AgentSkillsCN

html-get

通过 fetch 或 prerender 获取 URL 的规范化 HTML,并在无浏览器环境 fallback 的情况下使用。当用户提及“html-get”、“渲染后 HTML 提取”、“重度 JavaScript 页面”、“重写相对 URL”或“为 metascraper 与爬虫管道准备 HTML”时,可选用此技能。

SKILL.md
--- frontmatter
name: html-get
description: Retrieve normalized HTML from URLs using fetch or prerender with browserless fallbacks.

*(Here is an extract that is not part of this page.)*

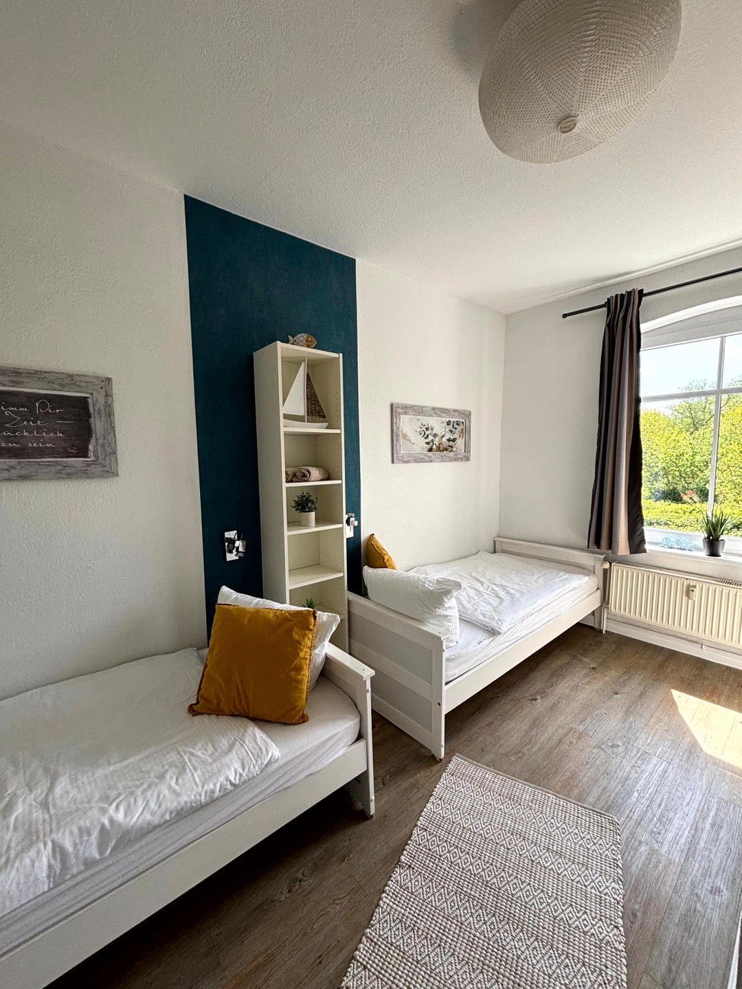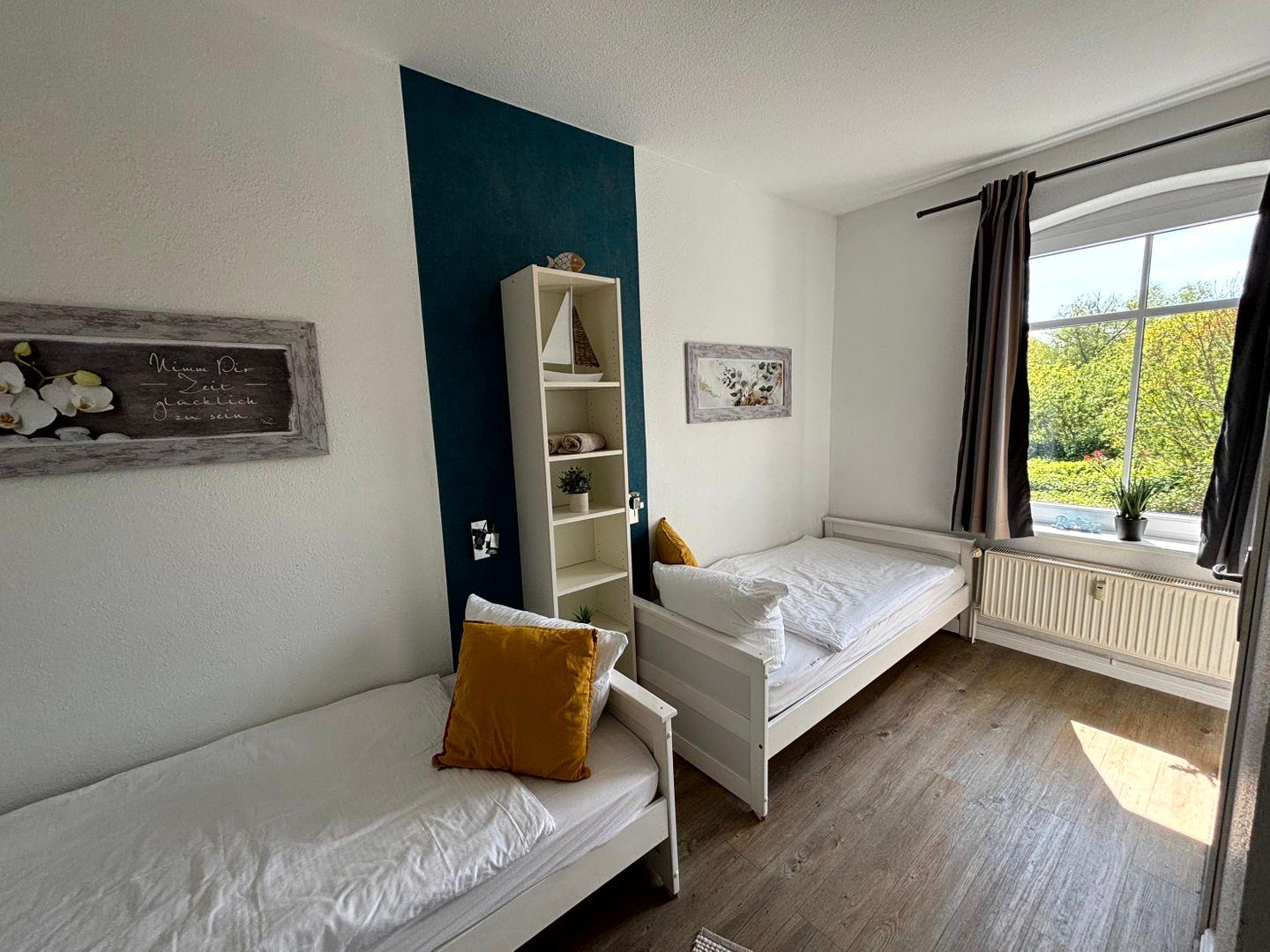 Schlafraum mit Einzelbetten.
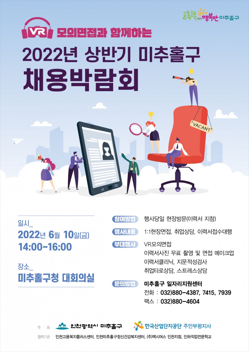 "VR모의면접과 함께하는" 2022년 상반기 미추홀구 채용박람회가 개최되며,

Use when the user mentions html-get, rendered HTML extraction, JS-heavy pages, rewriting relative URLs, or preparing HTML for metascraper and scraping pipelines.

html-get

html-get returns reliable HTML for a URL, choosing fetch or prerender depending on page needs.

Quick Start

Install:

bash
npm install html-get browserless puppeteer

Minimal usage:

js
const createBrowserless = require('browserless')
const getHTML = require('html-get')

const browser = createBrowserless()
const context = browser.createContext()

const result = await getHTML('https://example.com', {
  getBrowserless: () => context
})

console.log(result.html)

await context((browserless) => browserless.destroyContext())
await browser.close()

Recommended Workflow

  1. Start with default prerender: 'auto'.
  2. Set prerender: false for static pages when speed is priority.
  3. Enable rewriteUrls: true when downstream parsing needs absolute links.
  4. Enable rewriteHtml: true when source pages have broken meta tags.
  5. Reuse one browser process and create/destroy contexts per request.

CLI

One-off usage:

bash
npx -y html-get https://example.com

Debug output with mode, timing, and headers:

bash
npx -y html-get https://example.com --debug

Core Options

  • getBrowserless (function): required unless prerender: false.
  • prerender ('auto' | true | false): mode selector.
  • rewriteUrls (boolean): rewrite relative HTML/CSS URLs to absolute.
  • rewriteHtml (boolean): normalize common meta-tag mistakes.
  • headers (object): request headers for fetch/prerender.
  • gotOpts (object): extra options for got in fetch mode.
  • puppeteerOpts (object): options passed to browserless evaluate flow.
  • serializeHtml (function): custom output serializer from Cheerio instance.
  • encoding (string): output encoding, default utf-8.

Output Shape

getHTML(url, opts) resolves to:

  • html: serialized HTML (or custom serializer output fields).
  • url: final URL.
  • statusCode: HTTP status.
  • headers: response headers.
  • redirects: redirect chain.
  • stats: { mode, timing }.

Common Patterns

Force fast fetch mode for known static targets:

js
const result = await getHTML(url, {
  prerender: false,
  rewriteUrls: true
})

Prepare HTML for metadata extraction:

js
const page = await getHTML(url, {
  getBrowserless,
  rewriteUrls: true,
  rewriteHtml: true
})

const metadata = await metascraper({ url: page.url, html: page.html })

Custom serializer (avoid returning full HTML):

js
const result = await getHTML(url, {
  getBrowserless,
  serializeHtml: ($) => ({
    html: $.html(),
    title: $('title').first().text()
  })
})

Reliability Notes

  • If getBrowserless is missing and prerender is not false, html-get throws.
  • PDF URLs are fetched and can be converted via mutool when available.
  • Media URLs are normalized to HTML wrappers (img, video, audio) for consistent downstream parsing.
  • For large batch jobs, control concurrency outside html-get and always clean up browser contexts.